A big story in the Washington Post indicates that U.S. Army guy Bowe Bergdahl had some possibly serious mental issues that may have contributed to his walking off his base in 2009, and possibly should have kept him from even enlisting in the first place. And we are talking about serious mental issues besides his newly exposed love for Ayn Rand and desire to Go Galt.
We’re not sure if this will make any difference at all to the Barking Classes (what’s one more flip-flop between friends, as the Teabaggers suddenly discover Bergdahl’s inherent worth as a human being and American soldier who maybe wasn’t worth leaving behind after all?), but it certainly complicates the picture of Bergdahl as an Evil Jihadi Traitor who didn’t deserve to be brought back to the United States. Not that wingnuts have any problem calling for the execution of the mentally ill, either, because after all, that’s just demonic possession anyway.
WaPo was given a journal and a collection of Bergdahl’s writings by a friend, Kim Harrison, who had received them after his disappearance; he had designated her as the person to whom personal effects should be sent, and she contacted the Post in an effort to counter the rightwing image of Bergdahl as a dangerous Taliban sympathizer who somehow planned to desert and Destroy America.
Among other things, the story shows that Bergdahl was “discharged from the U.S. Coast Guard for psychological reasons” in 2006, which actually should have disqualified him from joining the Army in 2008. But by that point, the military needed lots of warm bodies in Iraq and Afghanistan, so apparently the recruiters were willing to overlook a bit of mental instability.
According to Coast Guard records, Bergdahl left the service with an “uncharacterized discharge” after 26 days of basic training in early 2006. The term applies to people discharged before completing 180 days of service.
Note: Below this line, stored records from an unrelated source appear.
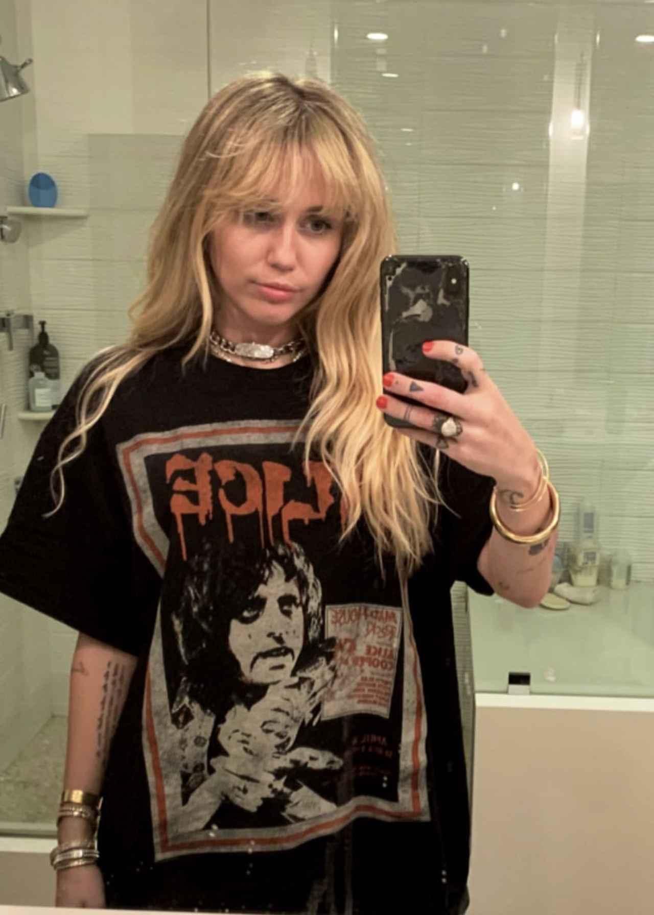 現役時代より少しワイルドになったマイリーは、ロックTを着て「ハンナはパンクになりました」というコメントつきでセルフィーも公開した。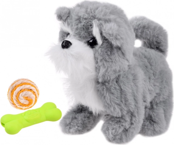 Interaktívny sivý psík je skvelou hračkou pre deti, ktoré sa chcú hrať s niečím viac než len obyčajnou plyšovou hračkou. Tento psík nielenže šteká a piští, ale tiež chodí dopredu a cúva, pohybuje hlavou, otvára a zatvára papuľku a vrtí chvostom. Psík navyše prichádza s hravými doplnkami — mäkkou gumovou kosťou a farebnou loptičkou.• Interakcia a pohyb• Množstvo zábavy a rôzne aktivity• Rozvíja detskú kreativitu a fantáziu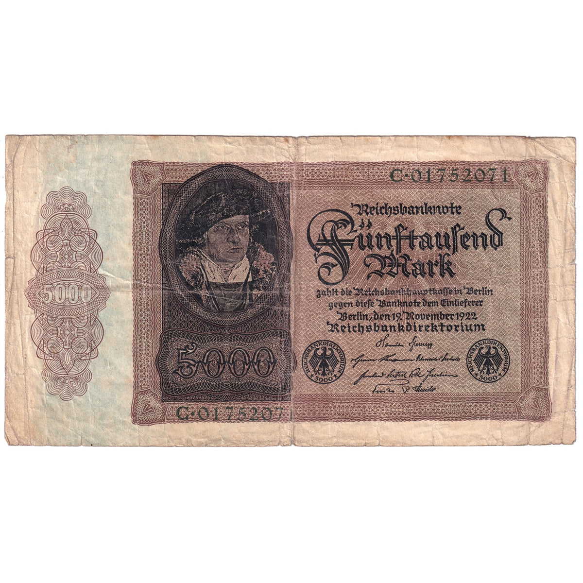 1922 Gemany 5000 Mark Note, VG-F (Tears)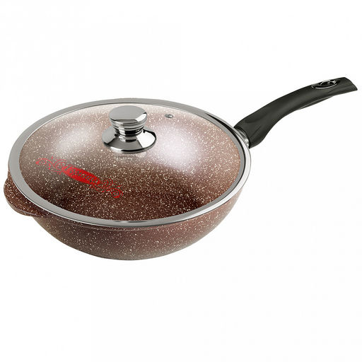 • Сотейник с антипригарным покрытием д24см "Шоколад", h8,2см, s0,4см, ручка из термостойкого пластика, стеклянная крышка с пароотводом, подарочная упаковка (Россия)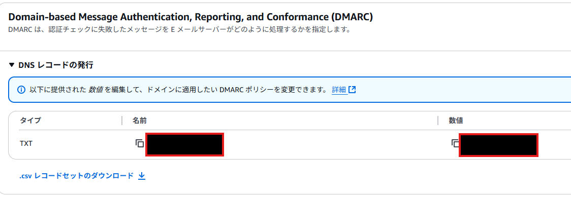 更に画面下のDomain-based Message Authentication, Reporting, and Conformance (DMARC)のDNS レコードの発行をクリックして、TXTを確認する。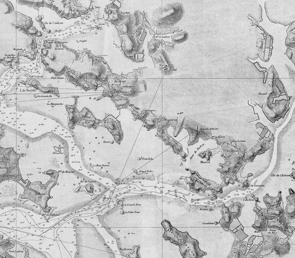 Extrait de 'Carte du Morbihan', Paris : Dépôt des cartes et plans de la Marine, 1872, édition d'octobre 1929, n° 3165.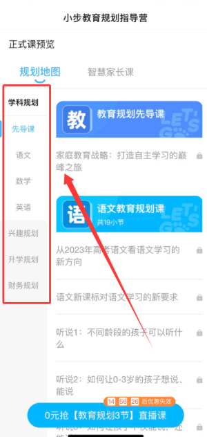 1、进入规划板块,可浏览并选择不同类型的学习计划与分类方案。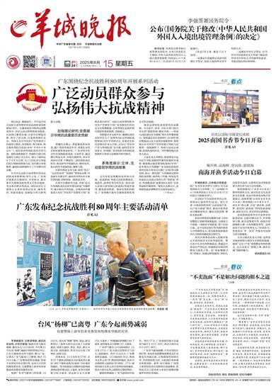 中共广东省委主管、主办 羊城晚报社出版 1957年10月1日创刊 31℃ 24℃ 2025年8月15日 乙巳年闰六月廿二 星期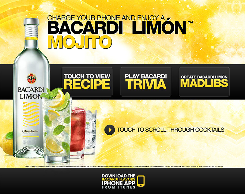 My first contract campaign in NYC! The task: create an engaging interactive front end experience to be shown in a phone charging station that would be distributed throughout NYC's bars all while staying on brand. The challenge: it had to be done in Flash and work well on the proprietary hardware that was already horribly out of date. The outcome was highly entertaining and had interactive drink recipes, Madlibs, trivia, and a number of Easter Eggs (including a hidden live radio station). The joy of actually seeing these eventually out in the wild was something I had never experienced before!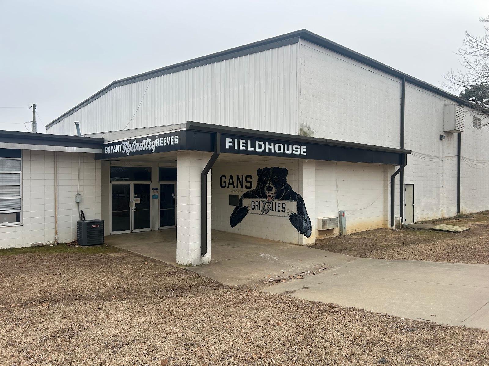 Some yards empty, some adorned with various modes of transportation. Riding mowers and trucks, dirt bikes and Winnebagos and boats. I got into a staring contest with a horse. The post office was next to a building that housed both the town hall and senior center. Roadside ads hawking satellite internet. Roadside ads for Jesus. And then there’s the school and the Bryant “Big Country” Reeves Fieldhouse. There’s a bear on the wall outside the entrance. Beside his head: Home of the Grizzlies.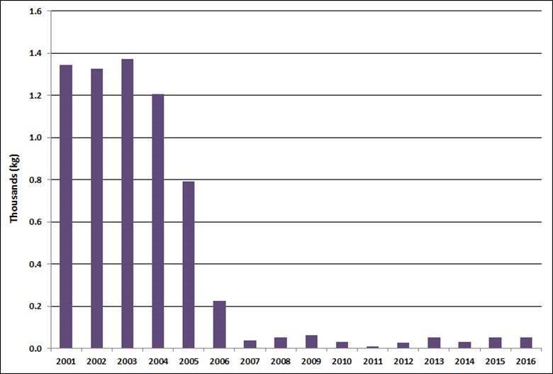 Bar graph showing pipe tobacco sales in Prince Edward Island, Northwest Territories, Nunavut and Yukon from 2001 to 2021. Pipe tobacco unit sales decreased from 1,343 kilograms in 2001 to 16 kilograms in 2021.
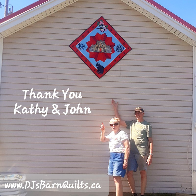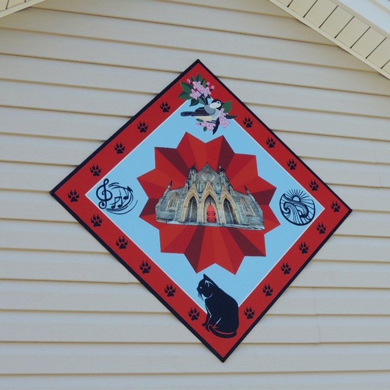 Thank you Kathy & John of Marshville, Nova Scotia. Their custom barn quilt is a hybrid that includes a bit of sign work and many hours of hand-painting to capture their life story on an outdoor art piece. It was fun to work with Kathy as she generously shared their serendipitous life journey. Certainly not all of their milestones are included on the barn quilt, but the centerpiece is Christ Church Cathedral in Montreal where they met and three children were christened. Their adventures eventually brought them to Nova Scotia where they settled in beautiful Marshville. Kathy and John are dedicated swimmers and the ocean they overlook always beckons. Throughout the busy years, they maintained their musical interests and there has always been a cat (or two) to approve of all the ‘goings on’.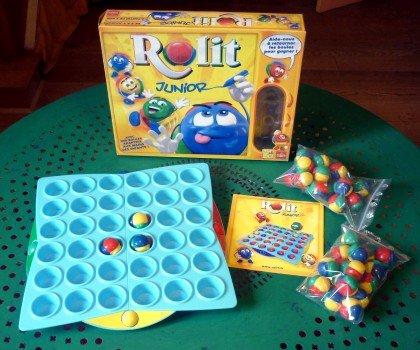 Rolit Junior n'est pas le premier à s'appeler ainsi. Mais cette version, publiée en 2011, ne se contente pas de proposer le même jeu que son aîné avec un peu moins de rangées. Les pièces ont été nettement surdimensionnées, pour s'adapter plus facilement aux petites mains. Le tablier est formé de deux parties qui s'assemblent astucieusement par des glissières, ce qui permet d'avoir un jeu assez important et néanmoins pas trop encombrant à ranger.

No reason is specified in such discharges, and a Coast Guard representative said no further information was available.
A senior Army official, speaking on condition of anonymity, confirmed that the Army was aware of a prior “administrative discharge” when Bergdahl enlisted. A separate Army official, also speaking on condition of anonymity, said that Bergdahl would have required a waiver to enlist under such circumstances. The official could not immediately confirm that Bergdahl received one.
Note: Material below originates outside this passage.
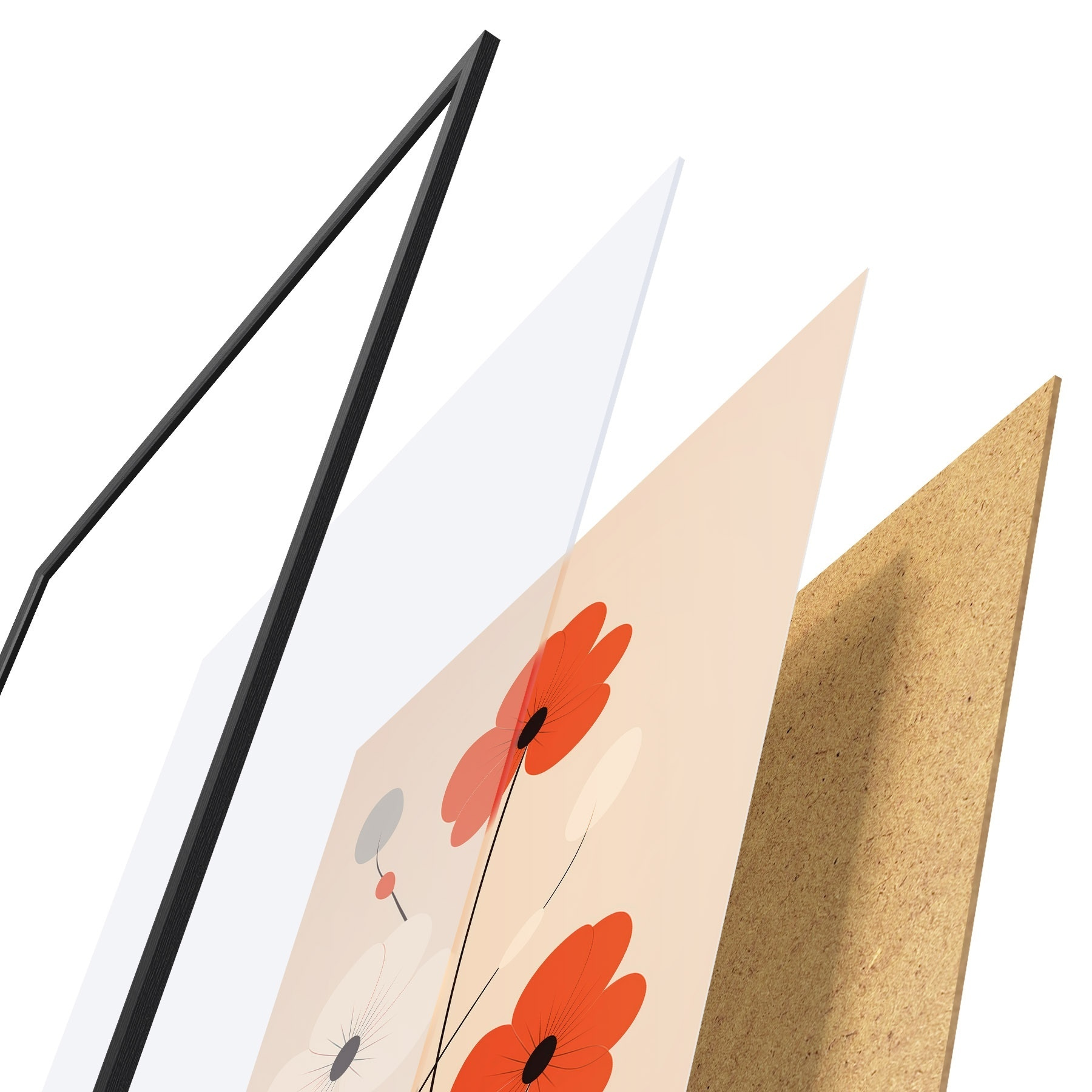 Plakát se skládá z rámu, plexiskla, tištěného obrazu a dřevotřískového podkladu. Díky úchytům na zadní straně lze plakát ihned zavěsit na zeď.

The Post notes that the staff shortages at the time were severe enough that the Army issued waivers to people with criminal records and health problems that would normally disqualify them; 1 in 5 recruits received such waivers at the time.
Bergdahl’s journal includes entries that mention hearing voices, worries about losing his mind, slipping into blackness and so on. Nothing in there about his desire to declare jihad or betray his country. He sounds like a very messed up young man who’s deeply in need of help. He fantasized about walking away to China, or into the mountains, or into
the artist’s painted world, hiding from the fields of blood and screams, hidden from the monster within himself.
He also was a big fan of Ayn Rand, and on June 27, 2009, emailed friends a message titled “Who is John Galt,” which included this passage:
“I will serve no bandit, nor lair, for i know John Galt, and understand . . .” Bergdahl wrote. “This life is too short to serve those who compromise value, and its ethics. i am done compromising.”
Three days later, Bergdahl walked off his post.
To us, it sounds like he was a pretty screwed up kid who badly needed help; we’ve already seen a couple of blog posts from the wingnuttosphere that have dismissed the notion of having any sympathy for him — if anything, says one thought leader, it just makes “the idea that we gave up five of the Taliban’s 5-star Blue Chips in exchange for this rambling nutcase … all the more disturbing.” The same blog hopes that maybe the news that Bergdahl liked Ayn Rand “will kill the Lefties’ love for Bergdahl,” which we would say maybe misses the point just a little bit.
Not that it’s any big surprise, but we are reminded once again that a Disney movie has a more highly developed moral sense than some teabaggers.